His arrest came after the Ecuadorian embassy lost patience with the WikiLeaks founder and revoked his asylum status. At the time, then-Foreign Minister José Valencia and then-Interior Minister María Paula Romo accused Assange of riding scooters around the cramped embassy hallways, insulting staff and smearing feces on the walls.

Valencia also accused Assange of making “false claims” in his naturalization application documents.

The Ecuadorian government had also been annoyed by Assange’s vocal support for the Catalonian independence movement, which the South American country worried could damage its relations with Spain.

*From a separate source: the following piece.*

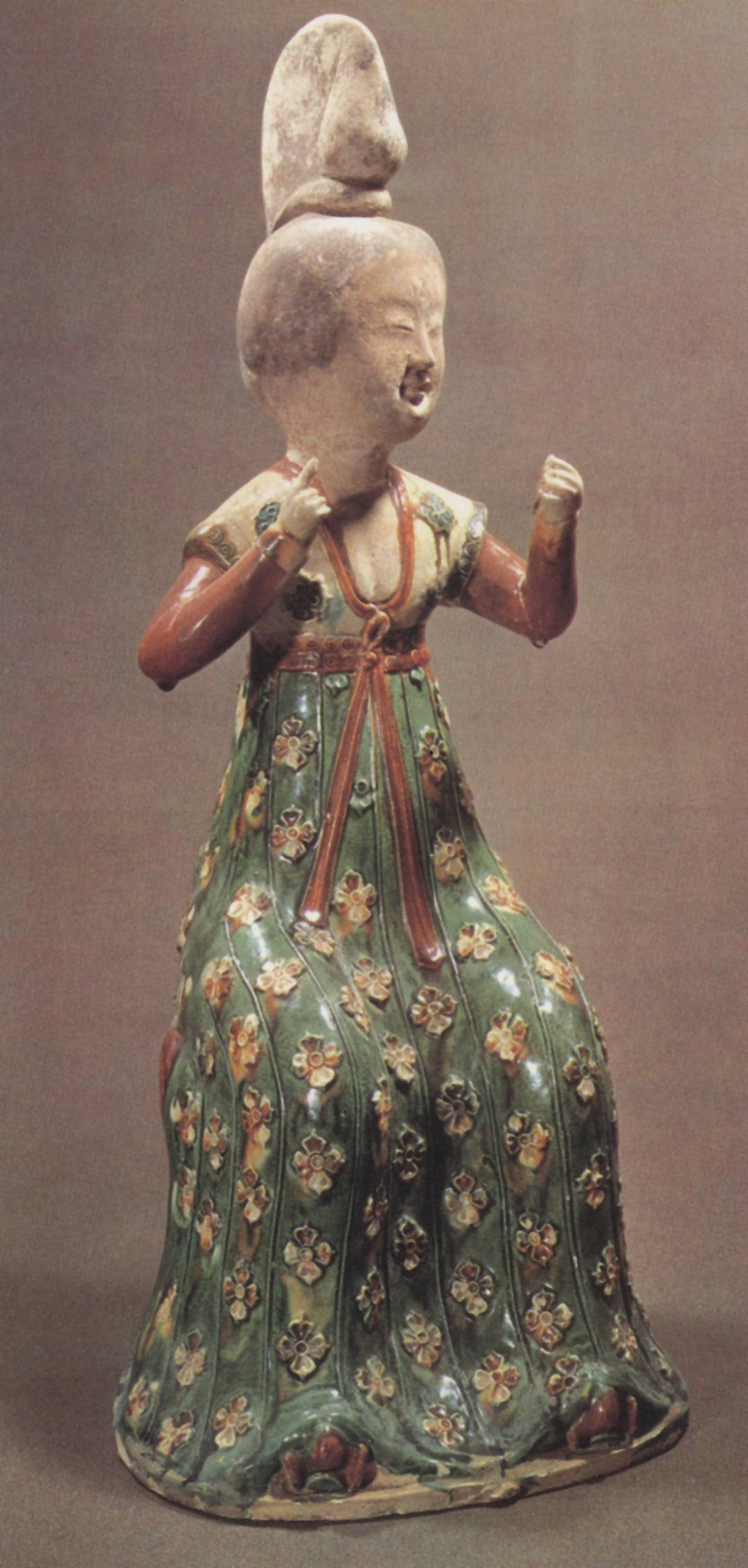 唐代的妆容还流行额黄,又叫鸦黄,即在额间涂上黄色。额黄起源于南北朝,在唐朝盛行。初唐卢照邻《长安古意》有云:“片片行云著蝉鬓,纤纤初月上鸭黄”,李商隐《蝶三首》也说:“寿阳公主嫁时妆,八字宫眉捧额黄”,温庭筠《偶游》吟出“额黄无限夕阳山”,皮日休《木兰后池三咏·白莲》则说:“半垂金粉如何似,静婉临溪照额黄。”唐朝牛僧孺在《幽怪录》中还专门记述了神女智琼把额头化妆成黄色的故事。额黄至宋代时还在流行,宋代诗人彭汝励《妇人面涂黄而吏告以为瘴疾问云谓佛妆也》歌曰:“有女夭夭称细娘,珍珠落鬓面涂黄”。

Assange is currently in prison in the United Kingdom for violating his bail conditions when he entered Ecuador’s London embassy to elude extradition to Sweden. Swedish prosecutors dropped their investigation of sexual molestation and coercion against him in 2015 and their investigation into rape allegations in 2020.

In January a British judge rejected Washington’s request to extradite Assange to the US, ruling that such a move would be “oppressive” by reason of his mental health.